The first decades of the 21st century saw dramatic changes in the music
industry as technology transformed creation, communication, and
consumption. Amid this turmoil one change occurred relatively quietly,
almost naturally: so-called bedroom producers, music makers raised on
hip-hop and electronic music, went from anonymous, often unseen creators
to artists in their own right.
In Bedroom Beats and B-sides, journalist Laurent Fintoni details the
rise of a new generation of bedroom producers at the turn of the century
through the stories of various instrumental hip-hop and electronic music
scenes.
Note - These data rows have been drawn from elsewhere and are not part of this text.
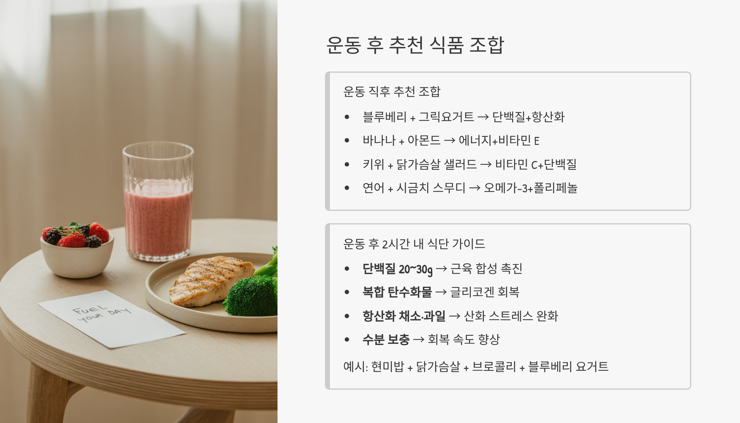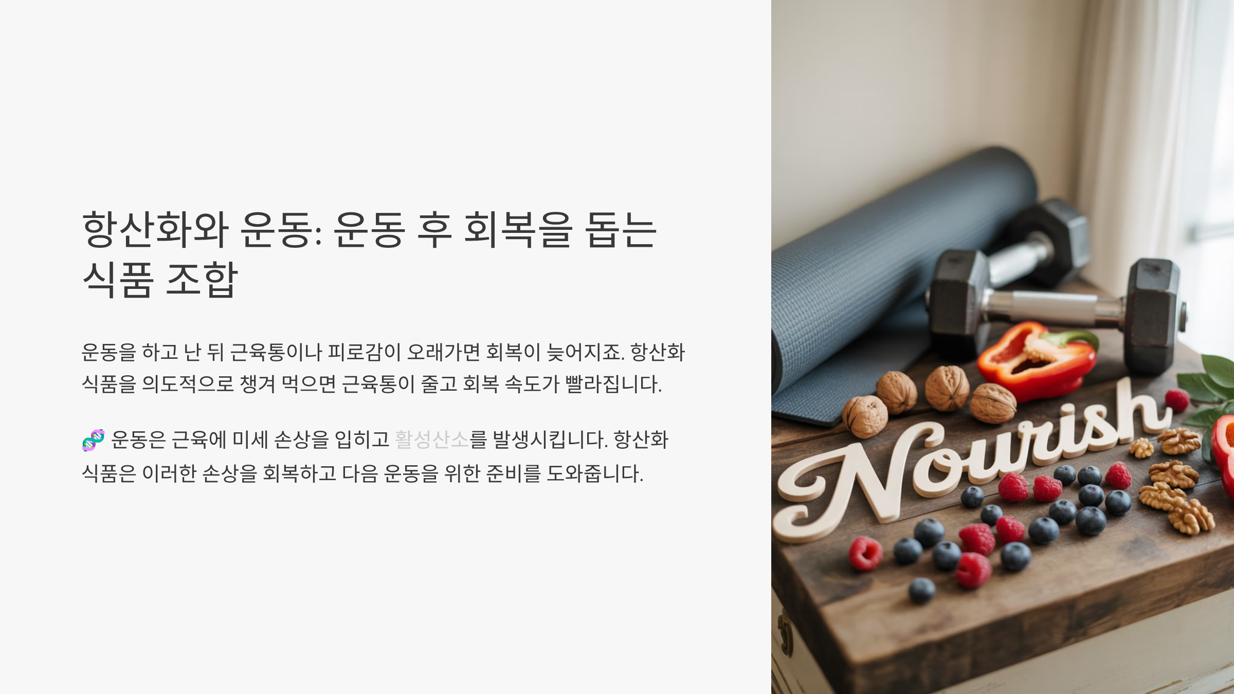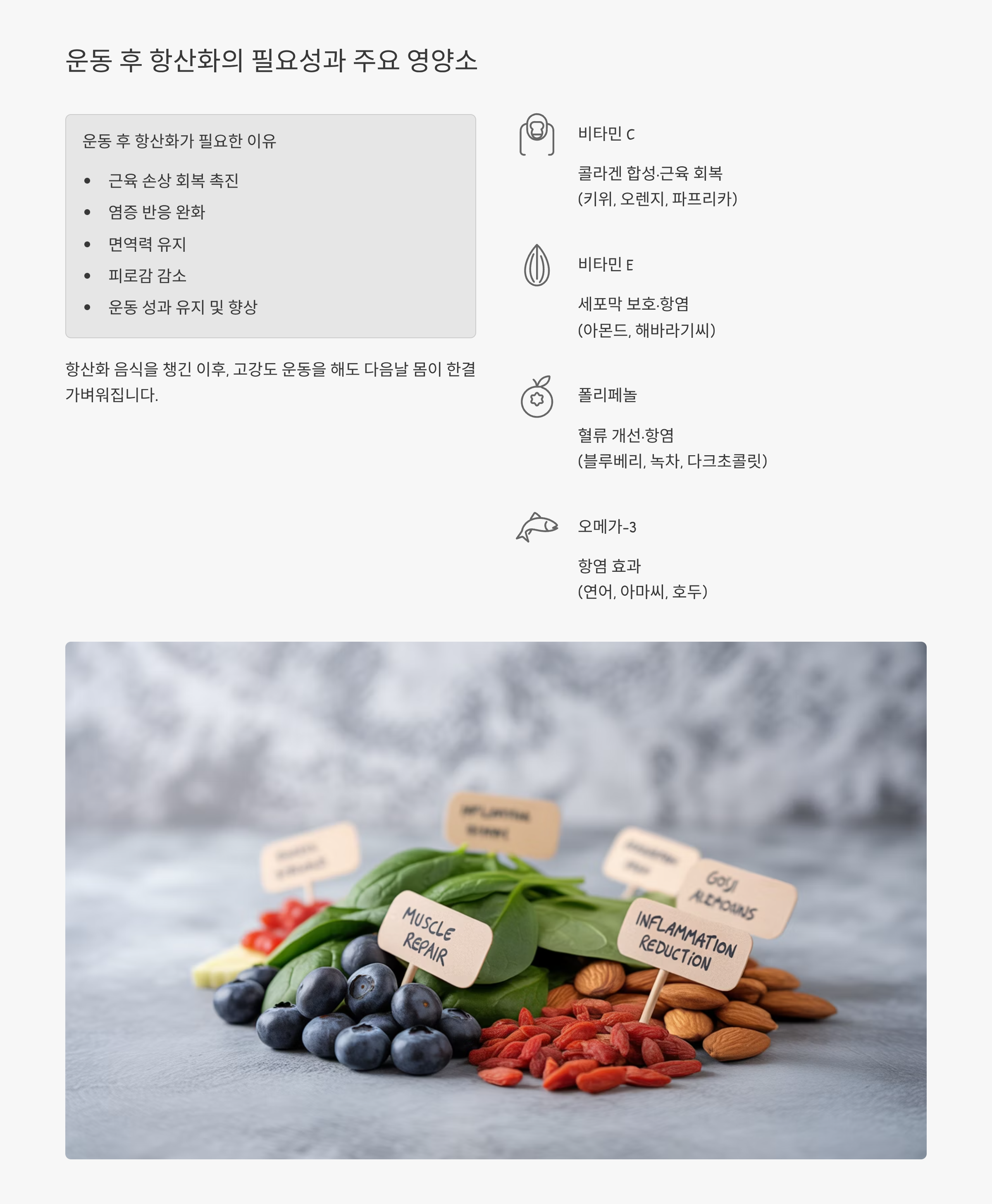 오늘은 운동 후 회복을 돕는 항산화 식품 조합을 알려드릴게요! 🥦💪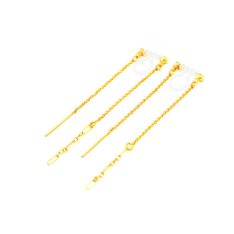 究極にシンプルな美しさで、金のチェーンを飾りにあしらった アメリカンピアスを、耳に優しいノンホールピアス(イヤーカフ・イヤリング)でお使いいただけるように仕上げています。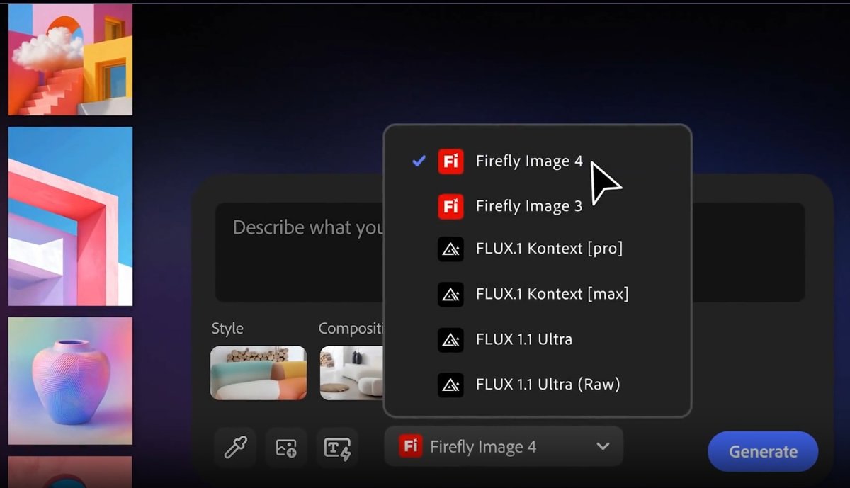 Este catálogo de modelos incluye el nuevo Firefly Image Model 5, de desarrollo propio y dirigido la generación y edición de imágenes, que ya está disponible en una modalidad de beta pública. Con él, es posible generar imágenes con una resolución nativa de 4MP sin necesidad de escalado.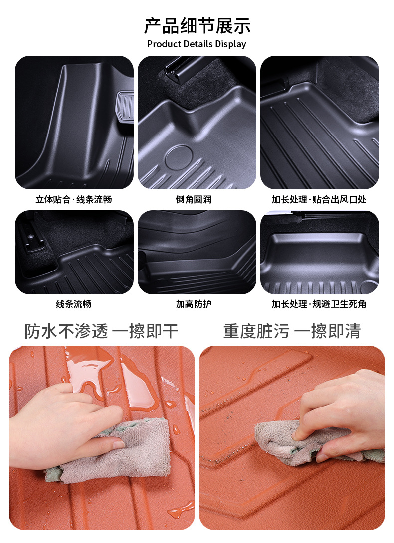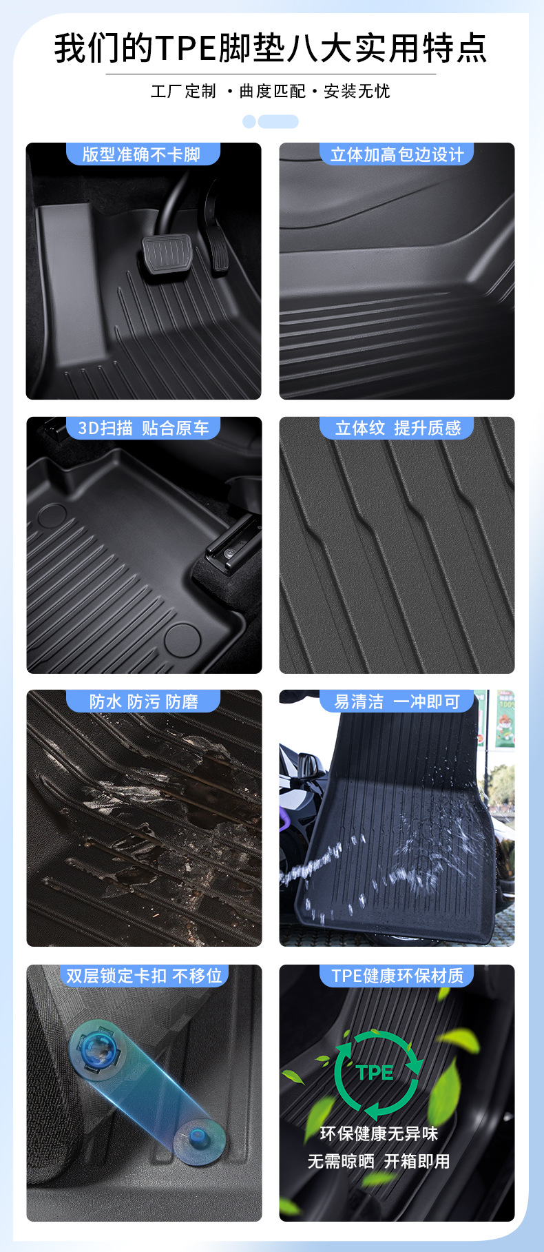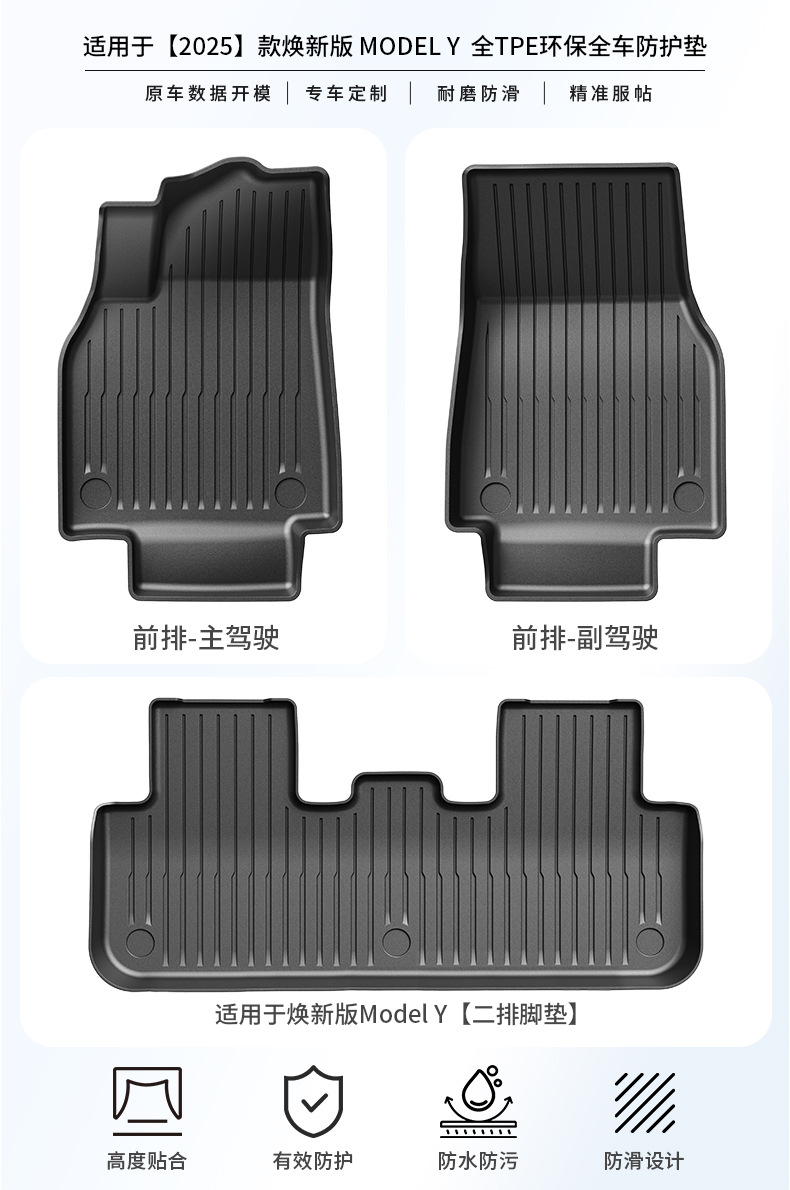 Подходит для ковриков Tesla Model 3/Y, передних и задних ковриков багажника, нового 3D-материала для литья под давлением TPE для любой погоды.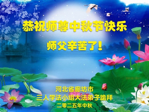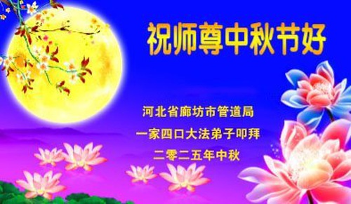 Falun Dafa Practitioners in Langfang City Respectfully Wish Master Li Hongzhi a Happy Mid-Autumn Festival (19 Greetings)

From trip-hop, downtempo, and IDM to leftfield hip-hop, glitch,
and beats, the book explores how these scenes acted as incubators for
new ideas about composition and performance that are now taken for
granted.
Combining social, cultural, and musical history with extensive research
and over 100 interviews, the book tells the B-side stories of hip-hop
and electronic music from the 1990s to the 2010s. Using the format of a
beat tape, it explores the evolution of a modern beat culture from local
scenes to global community via the diverse groups of idealists on the
fringes who made it happen and the external forces that shaped their
efforts.
Before the uniformity of streaming services, always-on social media, and
online tutorials for everything, this is a portrait of independence and
experimentation amid historical change. It's a story of obsession and
dedication and how the fringes brought about a quiet musical revolution.